Blame lies mainly with the board
An external audit into the BASIC Bank scams has outright blamed the board led by its former chairman Abdul Hye Bacchu for presiding over a period of irregularities that cost the lender Tk 5,000 crore.
Since the scams came to surface in 2012, several investigations have been carried out to find the culprits but those couldn't identify the wrongdoers at the state-run bank.
However, the recent functional audit by two private firms has accused more than 100 officials of irregularities. It has largely held responsible for the anomalies the bank board that supervised the lender from 2010 to 2013.
Seeking anonymity, a central bank official said the once profitable bank became a loss-making one after Bacchu was made its chairman.
Recently, the current board told Finance Minister AMA Muhith and the parliamentary standing committee on finance ministry that a clear-cut robbery took place at the bank, not only in the case of loan disbursement, but also in recruitment, opening of new branches and renting offices.
On condition of anonymity, a finance ministry official said the audit identified the persons involved in the irregularities. Now the ACC would be able to move against them.
The audit found the involvement of 17 board members, including government and non-government representatives, in the anomalies. They had worked as directors from 2010 to 2013.
The present board of BASIC Bank appointed MABS & J Partners and SF Ahmed & Co to identify the irregularities and the culprits after it took over last year.
The two firms audited 214 borrowers of the bank's seven branches.
In April, the firms submitted a 1000-page report to BASIC Bank. Copies of the report were also sent to the finance ministry, Bangladesh Bank and the ACC, which is still investigating the scams.

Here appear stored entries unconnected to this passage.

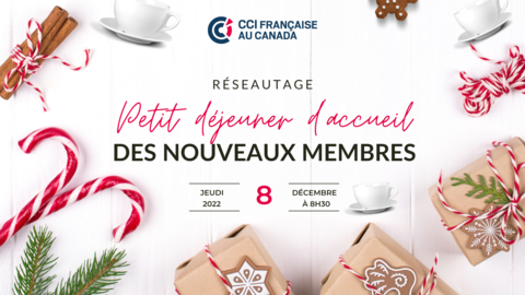 Profitez de l'occasion pour présenter votre entreprise devant notre communauté d'affaires franco-canadienne et venez échanger avec d'autres membres de la CCIFC lors de ce petit-déjeuner d'accueil de fin d'année.
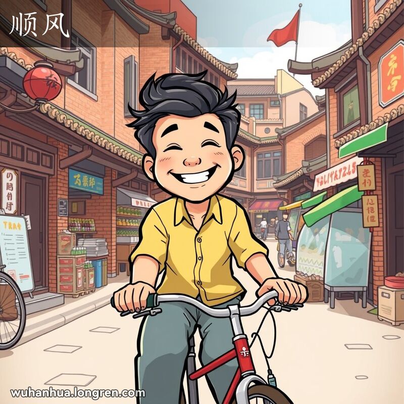这幅插图描绘了一位武汉市民骑着自行车,迎着和风,脸上带着灿烂的笑容,头发和衣服随风飘动,展现了武汉方言“顺风”(意为“方向跟风向相同”)的语义。背景是典型的武汉老街景,有红砖墙、小摊贩与旧式招牌,画面风格为轻松漫画风,色彩明亮,极具生活气息。
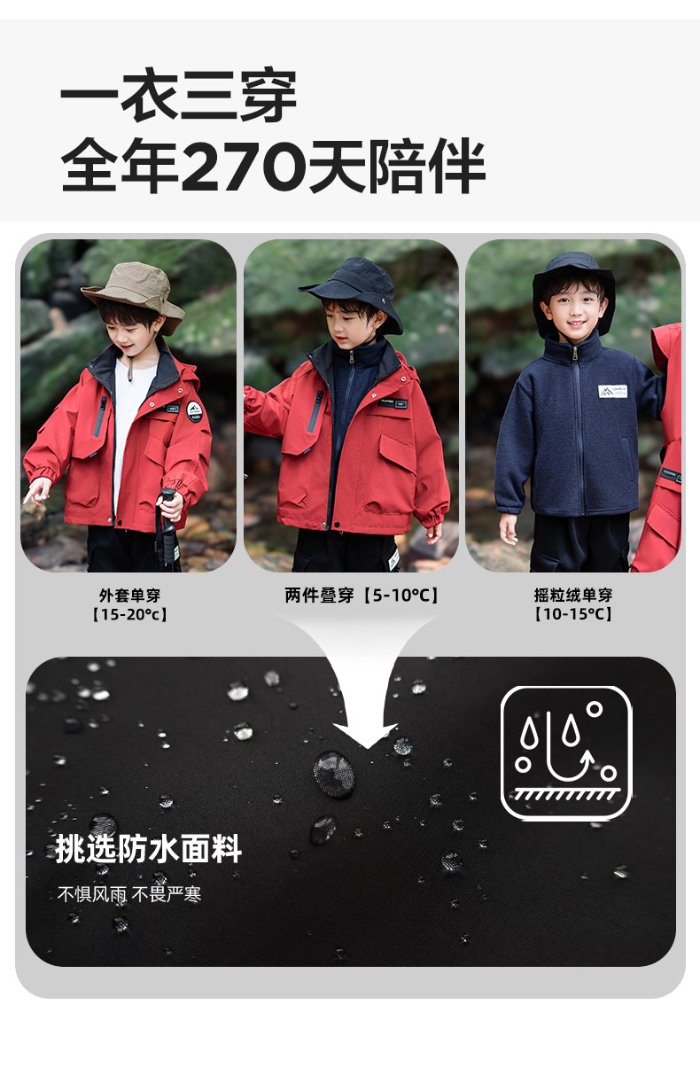 Bala Kidsren's Outdoor Jacket Three-In-One Boys' Spring & Fall Style Jacket, Trendy and Cool for Boys, Suitable for All Seasons

“In most of the cases that we have audited, it has been found credit facilities were approved for selected borrowers by the board of the bank in different forms despite the proposals were placed to the board identifying gross irregularities, incompleteness, negative recommendations or observations and not having backed by required collateral and other relevant important documents,” said the report.
The auditors examined the loans given to 214 borrowers at the bank's main branch and its Gulshan, Dilkusha, Karwan Bazar and Shantinagar branches in the capital, and Agrabad and Jubilee Road branches in Chittagong city.
The audit found that the branches disbursed loans before receiving approval from the board. Besides, credit facilities were given against forged documents.
The branches forwarded loan proposals to head offices before the clients opened their accounts. The board also approved loan proposals without recommendations from branches.
The then board's approval of a loan to private firm New Auto Define was an example of how irregularities took place in giving loans to 214 borrowers.
In 2010, the board approved the loan under miscellaneous agenda despite various adverse observations against the loan proposal.
The report said the loan was sanctioned in a day of the loan application's submission. The borrower has not paid a single taka since it took the loan, and it now owes Tk 101 crore to the bank.
Another borrower, Techno Design & Development Ltd, was given a Tk 80 crore loan though two committees of the bank made negative observations about it.
The bank disbursed Tk 60 crore in 45 days of the loan's approval and the branch concerned didn't verify how the money was spent.
Serious objections and irregularities are indication of breach of trust and abuse of power entrusted to the board under the guidelines of Bangladesh Bank, according to the report.
“It also appears that the board has ignored its own instructions for compliance to be followed in case of previous credit facility approvals and in some cases violated its own policy just for the sake of approving huge amount of irregular loans, putting a huge sum of depositors' money at risk,” said the report.
The board members, who had approved loans in meetings, and also the members, who didn't dispute the minutes in subsequent meetings, were responsible for the irregularities, said the report.
“In these circumstances, it can be concluded that availing of such huge amount of loans by the concerned borrowers and failing to repay them in instalments in time are evidence of their malafide intention.”
The board approved loans knowing well that the bank was confronting acute fund crisis.
The loans were approved with a “subject to” clause for rectification of the irregularities identified by the loan committees. It clearly shows the intention to transfer their responsibility to some other persons.
The report said the entire process of approving loan proposals was completed within a very short time immediately before the board meetings, leaving no time for inclusion of a separate agenda for such cases.
The approval of huge amount of loans without complying with the norms made the loans non-performing, according to the audit report.
Contacted, BASIC Bank Chairman Alaudddin A Majid said they already took action against some of the bank officials whom the audit found involved in the irregularities.
Criminal cases would be filed against the bank officials and the borrowers who worked in connivance to embezzle money from the bank, he added.